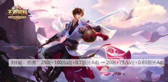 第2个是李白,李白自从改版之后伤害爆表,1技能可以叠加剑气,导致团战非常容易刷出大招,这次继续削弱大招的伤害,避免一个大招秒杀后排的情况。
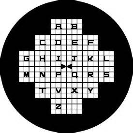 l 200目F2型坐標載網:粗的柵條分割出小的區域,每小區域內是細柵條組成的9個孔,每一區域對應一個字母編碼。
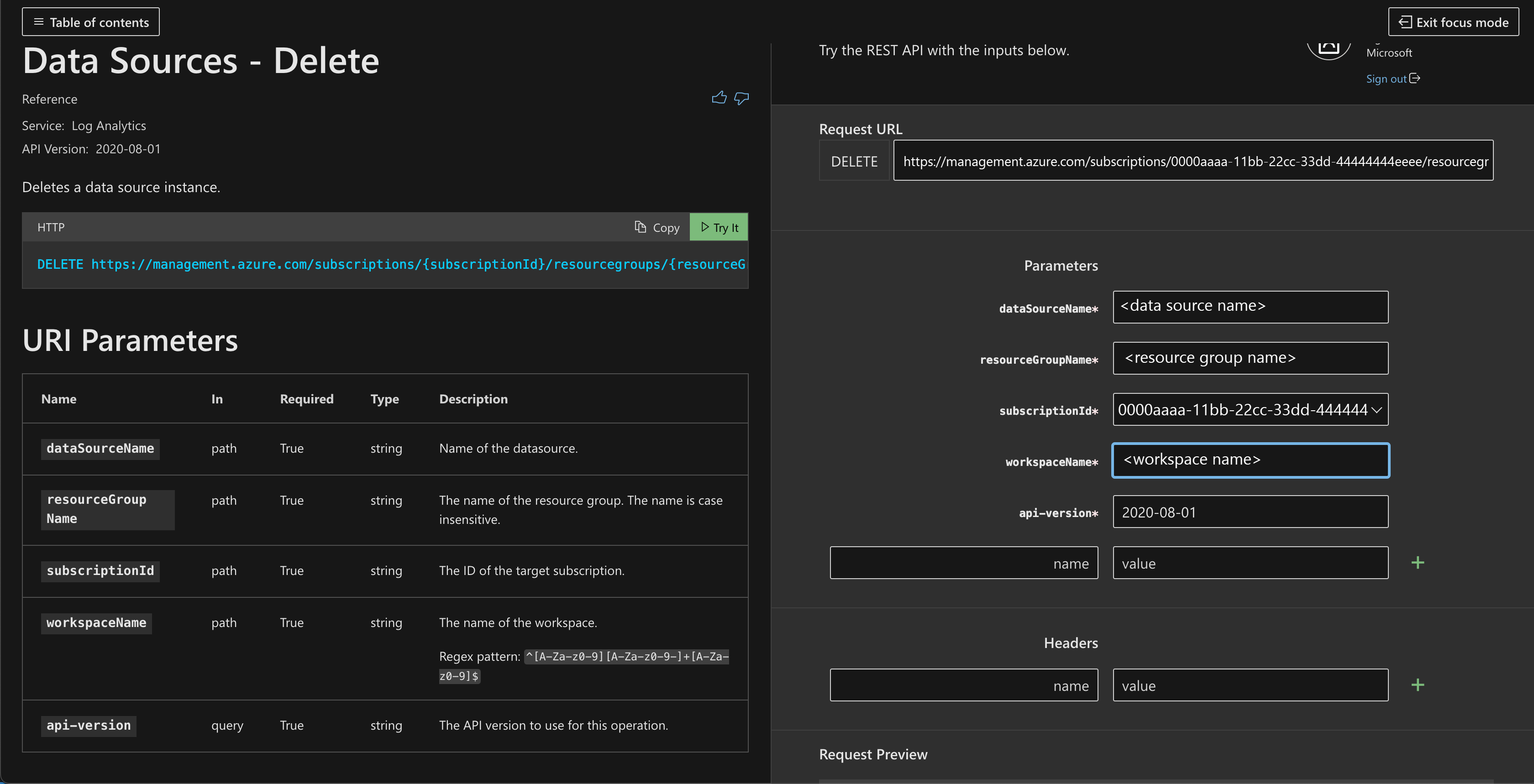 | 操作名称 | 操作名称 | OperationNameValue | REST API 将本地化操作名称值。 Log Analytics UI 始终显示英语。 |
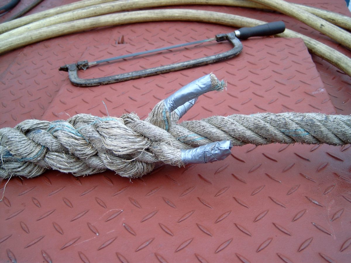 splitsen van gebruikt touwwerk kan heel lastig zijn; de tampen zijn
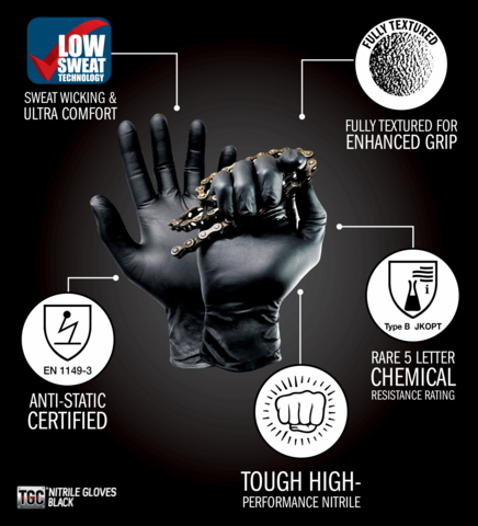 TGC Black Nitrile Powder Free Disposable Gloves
· · ·
### Exercise
Could you print all the entries exactly as they stand, with the pictures left out?

### Task response
 第2个是李白,李白自从改版之后伤害爆表,1技能可以叠加剑气,导致团战非常容易刷出大招,这次继续削弱大招的伤害,避免一个大招秒杀后排的情况。
 l 200目F2型坐標載網:粗的柵條分割出小的區域,每小區域內是細柵條組成的9個孔,每一區域對應一個字母編碼。
 | 操作名称 | 操作名称 | OperationNameValue | REST API 将本地化操作名称值。 Log Analytics UI 始终显示英语。 |
 splitsen van gebruikt touwwerk kan heel lastig zijn; de tampen zijn
 TGC Black Nitrile Powder Free Disposable Gloves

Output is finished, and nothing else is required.